THE RECORDS
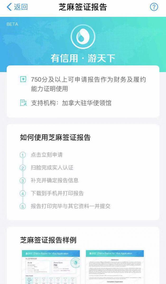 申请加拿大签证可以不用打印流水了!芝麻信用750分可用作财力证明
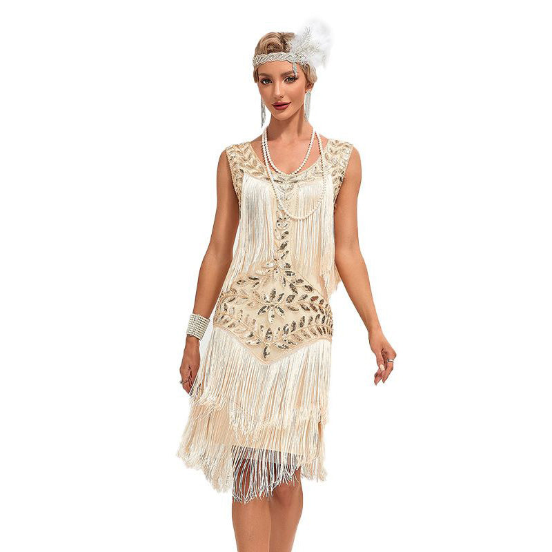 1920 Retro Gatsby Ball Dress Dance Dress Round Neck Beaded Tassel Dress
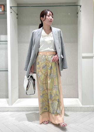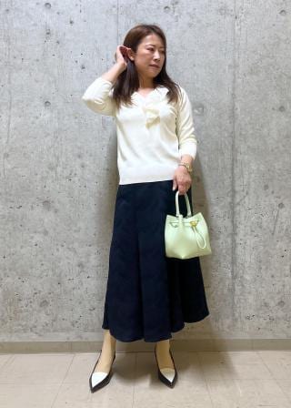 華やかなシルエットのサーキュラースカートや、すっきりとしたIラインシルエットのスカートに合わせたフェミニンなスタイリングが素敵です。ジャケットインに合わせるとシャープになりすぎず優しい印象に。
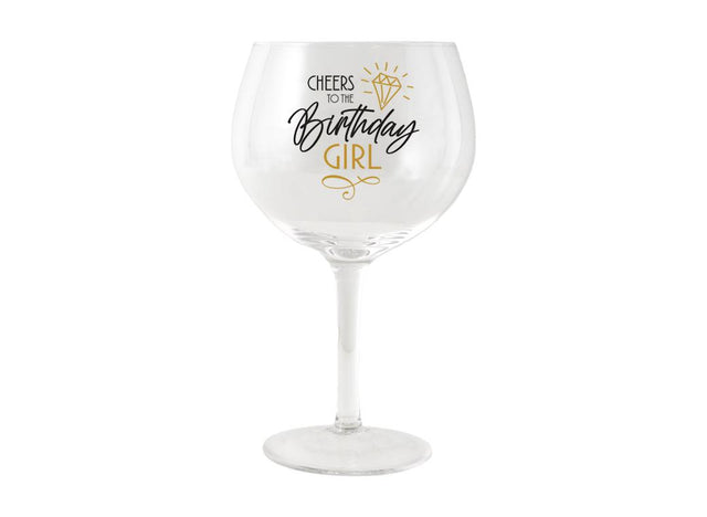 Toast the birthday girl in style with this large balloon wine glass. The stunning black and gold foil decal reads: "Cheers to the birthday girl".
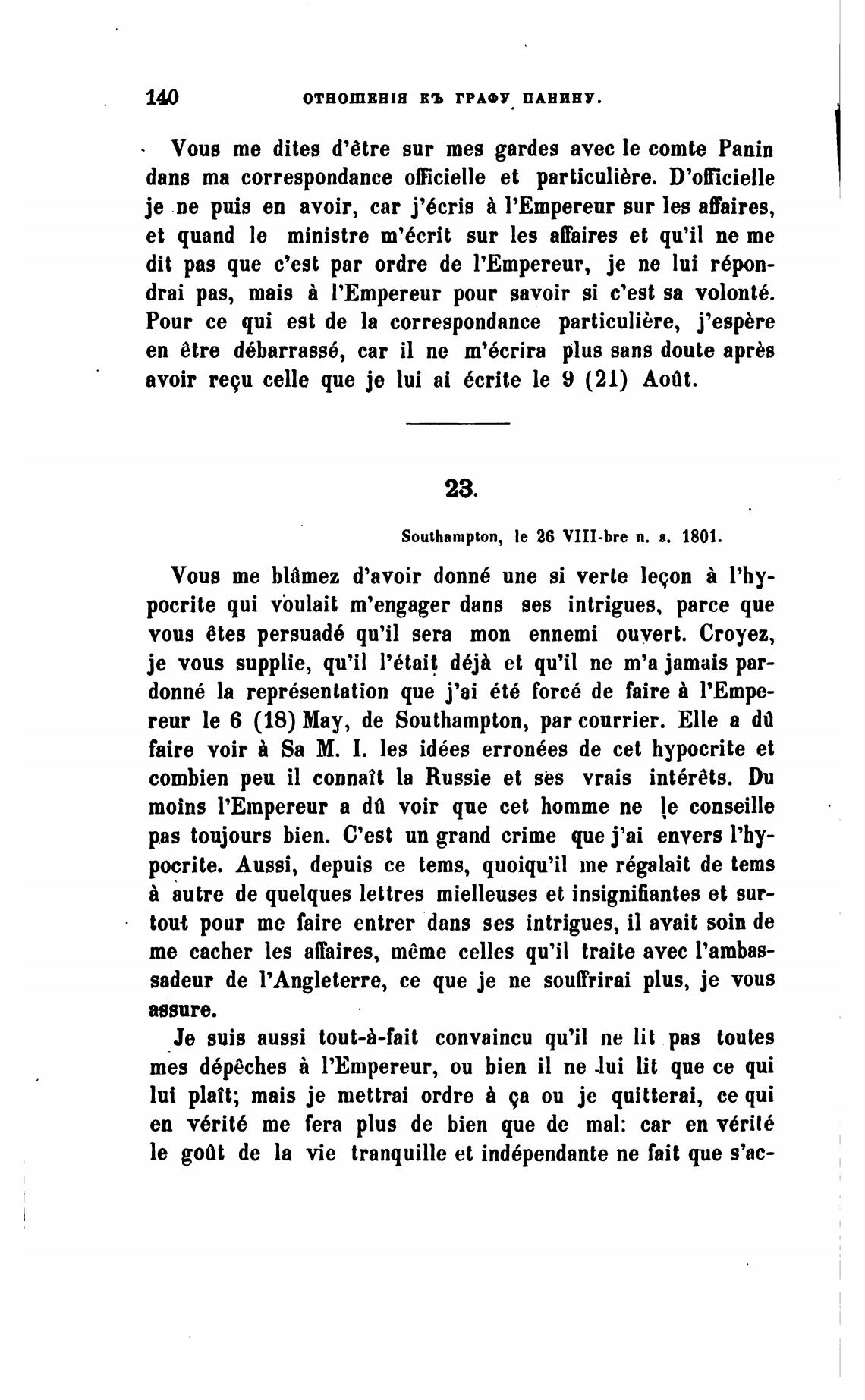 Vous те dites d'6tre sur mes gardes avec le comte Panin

YOUR GOAL
Please restate the entries word for word, with all pictures left out.

RESULT BELOW
 申请加拿大签证可以不用打印流水了!芝麻信用750分可用作财力证明
 1920 Retro Gatsby Ball Dress Dance Dress Round Neck Beaded Tassel Dress
 華やかなシルエットのサーキュラースカートや、すっきりとしたIラインシルエットのスカートに合わせたフェミニンなスタイリングが素敵です。ジャケットインに合わせるとシャープになりすぎず優しい印象に。
 Toast the birthday girl in style with this large balloon wine glass. The stunning black and gold foil decal reads: "Cheers to the birthday girl".
 Vous те dites d'6tre sur mes gardes avec le comte Panin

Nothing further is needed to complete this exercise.